RBNZ : précurseur (involontaire) de la normalisation ?

Vous connaissez désormais la notion de "reflation”. C'est elle qui est la cause principale de l'accélération de la hausse généralisée des taux depuis l'année. Rares sont ceux qui profitent davantage d'une reprise cyclique plus ou moins synchrone que des pays comme l'Australie ou la Nouvelle-Zélande. Cela s'est une nouvelle fois confirmé ce matin avec une flambée des taux à long terme "down under” (plus de 14 pb). Pour la Nouvelle-Zélande, on parle de plus de 18 pb. Le taux à dix ans (actuellement 1,87%) a facilement franchi le cap de 1,77% (mars 2020). Il est frappant de constater que la partie courte de la courbe affiche aussi une hausse de plus de 9 points de base en Nouvelle-Zélande, après une progression de 4 points de base hier. Ce segment demeure cependant extrêmement stable sous le poids des banques centrales dans la plupart des autres pays.

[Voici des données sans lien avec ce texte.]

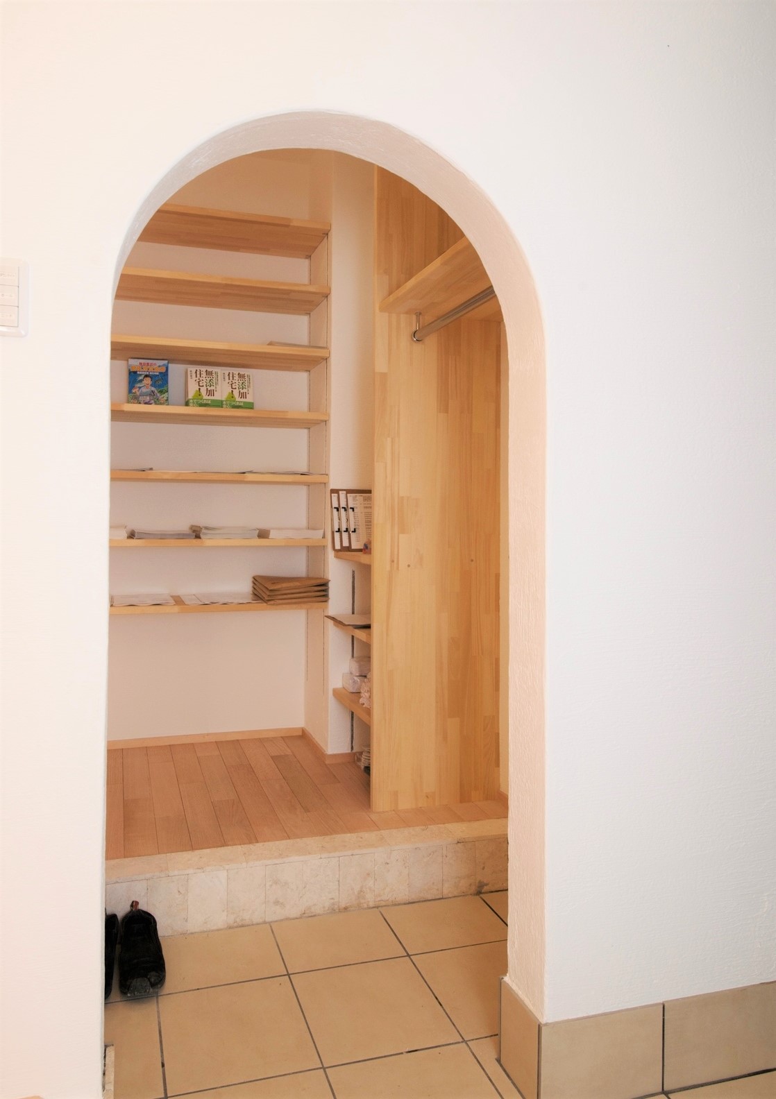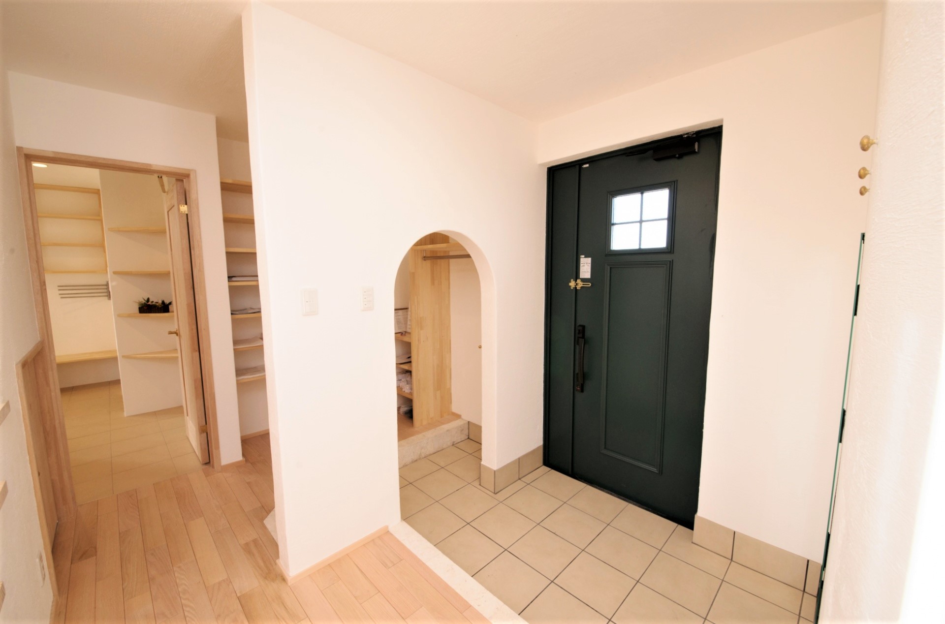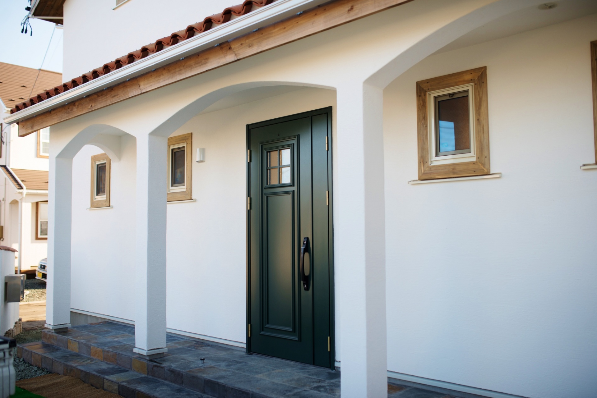 建物正面では緩くつながる三連のアールの開口、木枠に縁どられた窓が並んだ美しいエントランスに迎えられます。広い玄関ポーチは石畳みのように天然石独特のニュアンスを醸し出しています。

La Reserve Bank of New Zealand (RBNZ) a tenu sa première réunion de politique de l'année hier. Selon elle, il n'y a pour le moment aucune raison d'adapter la politique actuelle, à savoir un taux directeur de 0,25% complété par un programme d'achat d'obligations de 100 milliards de dollars néo-zélandais et un programme "Funding for Lending" analogue aux TLTRO. La situation économique est meilleure que prévu. La consommation intérieure ne se porte pas mal, notamment grâce à un marché de l'emploi plus résilient. Le secteur des exportations tourne bien, notamment en raison de la forte demande chinoise de matières premières agricoles, dont les prix ont fortement augmenté. Le moment est donc venu de faire le point sur les perspectives. L'économie se sera probablement contractée de 2,4% au cours de l'exercice fiscal qui se termine en mars 2021 (contre -4,2% prévus en novembre). La croissance attendue pour 2021/2022 s'élève à 3,8% et à 3,2% pour 2022/2023. Pour la première fois, la RBNZ estime que les risques liés à la croissance sont à nouveau répartis de manière équilibrée. Le chômage culminera à 5,1% au lieu des 6,2% supposés précédemment. L'inflation a été fortement révue à la hausse, surtout à court terme. La RBNZ n'exclut pas une accélération temporaire due à des facteurs ponctuels (pétrole, perturbations dans les chaînes de production) à 2,5% cette année. Si tout se passe bien, l'inflation se rapprochera de l'objectif de 2% à la fin de l'horizon de politique en 2024.
Mais malgré toutes ces bonnes nouvelles, les sept membres du comité de politique préfèrent rester prudents. Trop de variables sont encore incertaines. La conclusion est qu'une politique monétaire accommodante demeure nécessaire. La banque est même prête à aller encore plus loin si nécessaire. Un taux directeur négatif fait partie des options. Comme c'est le cas avec la Banque d'Angleterre, cela ressemble plus à une menace creuse, difficilement conciliable avec les perspectives relativement optimistes. Le marché n'a d'ailleurs pas non plus été impressionné. Ce matin, le gouvernement néo-zélandais a peut-être définitivement enterré la piste du taux négatif.
Les prix de l'immobilier en Nouvelle-Zélande flambent depuis déjà longtemps en raison de la faiblesse des taux d'intérêt. Et ce marché en surchauffe devient de moins en moins accessible, surtout pour ceux qui souhaitent acheter une habitation pour la première fois. Le ministre des Finances, Grant Robertson, veut donc s'attaquer à ce problème et a légèrement adapté le mandat de la RBNZ. La banque centrale devra désormais aussi tenir compte de l'impact de sa politique sur le marché immobilier. Le gouvernement interpellera régulièrement la RBNZ à cet égard. Comprenez: une politique encore plus souple et a fortiori un taux négatif sont aujourd'hui pratiquement exclus. À l'inverse, le gouvernement fera-t-il (de manière peut-être involontaire) de la RBNZ un précurseur de la normalisation?
Outre les taux d'intérêt, le dollar néo-zélandais s'est également particulièrement bien comporté ces derniers jours. Hier, le cours NZD/USD a franchi la barre de 0,74 et il se situe aujourd'hui au-dessus de son sommet de 2018 (0,7438). Les yeux sont à présent tournés vers 0,756 (pic de 2017). Ce cap pourrait être franchi prochainement, si la reprise relativement rapide se poursuit et que la pression en vue d'une normalisation de la politique s'intensifie. Le marché voit désormais un premier relèvement de taux pointer à l'horizon, alors qu'il n'en était pas encore question la semaine dernière.